California net neutrality bill ‘eviscerated’ in Assembly committee meeting - knuththetruth
https://www.sfchronicle.com/business/article/California-net-neutrality-bill-eviscerated-13011048.php
======
masonic

      In a bipartisan 8-0 vote, the state Assembly Communications and Conveyance Committee...
    

Typical SF Chronicle partisan bias.

 _Seven_ of those eight were _Democrats_. Does that sound like "bipartisan"
action? Also, saying it was 8-0 was a flat lie. It was actually 8-2, with
_both_ votes in opposition to this hatchet job being Republicans.

The votes to gut it: Cervantes, Eduardo Garcia, Kamlager-Dove, Low,
Maienschein, Quirk-Silva, Rodriguez, Santiago.
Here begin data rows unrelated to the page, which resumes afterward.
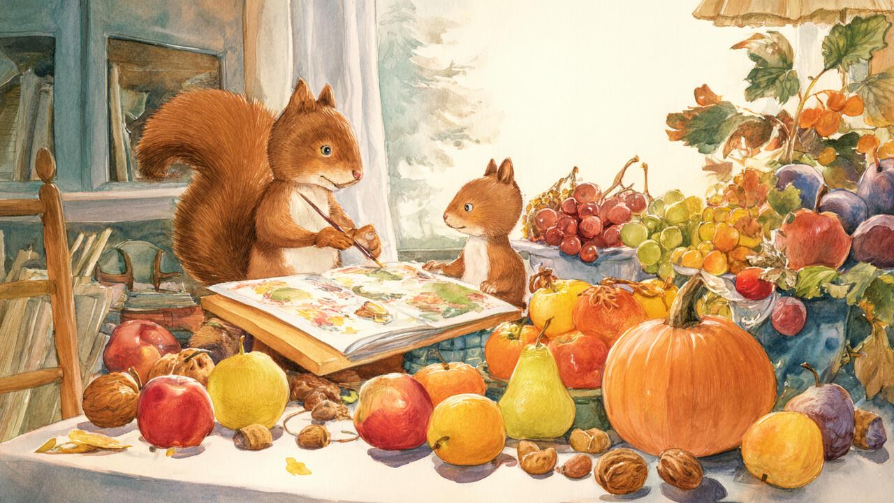 გახარებული ციყვუნია შემოდგომის სურათის ხატვას შეუდგა.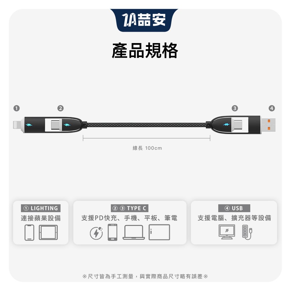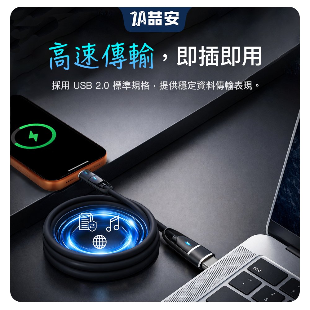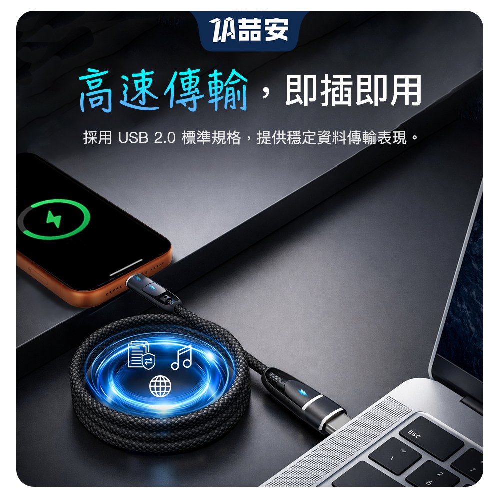 - PD 100W快充、USB 2.0高速傳輸、編織抗拉扯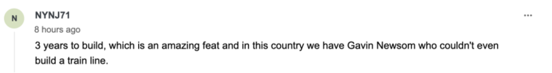 “三年建成,真是一项惊人的成就。而在我们这个国家,(加州州长)纽森甚至都搞不定一条铁路线的修建。”↓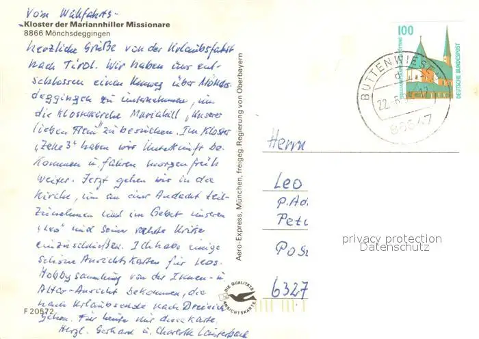 Moenchsdeggingen Kloster der Mariannhiller Missionare Fliegeraufnahme Moenchsdeggingen postalisch gelaufen 1998 Erhaltung siehe scans [WerneD78] WernPID7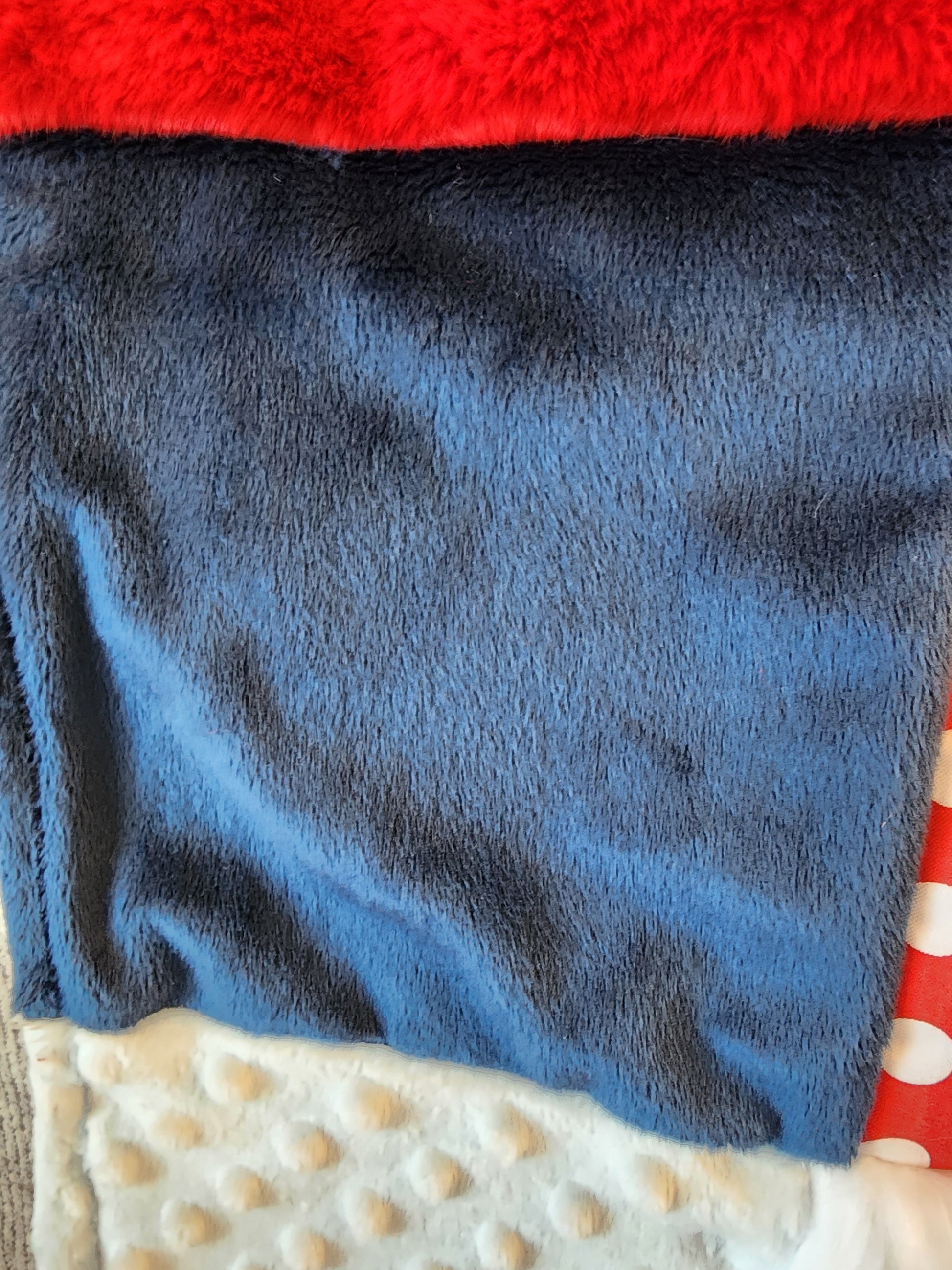Hi everyone! This sensory blanket is perfect for all ages! It is approximately 21"x27" a perfect size for a lap. This blanket has white faux fur, Red Faux fur, dimple dot minky, silver shinney fabric, fully functional zipper pouch, fleece, cotton. The back is a seafoam green fleece.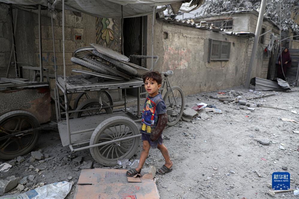 10月25日,在加沙地帶南部城市汗尤尼斯,一名男孩走在以色列空襲後的街道上。

See details under 6/20 activity here:

[http://leginfo.legislature.ca.gov/faces/billVotesClient.xhtm...](http://leginfo.legislature.ca.gov/faces/billVotesClient.xhtml?bill_id=201720180SB822)

------
abritinthebay
Every single one of them is lying through their teeth and should be attacked
_viciously_ over this when re-election comes.

Such horse shit

------
himom
Corruption: It’s What’s For Dinner™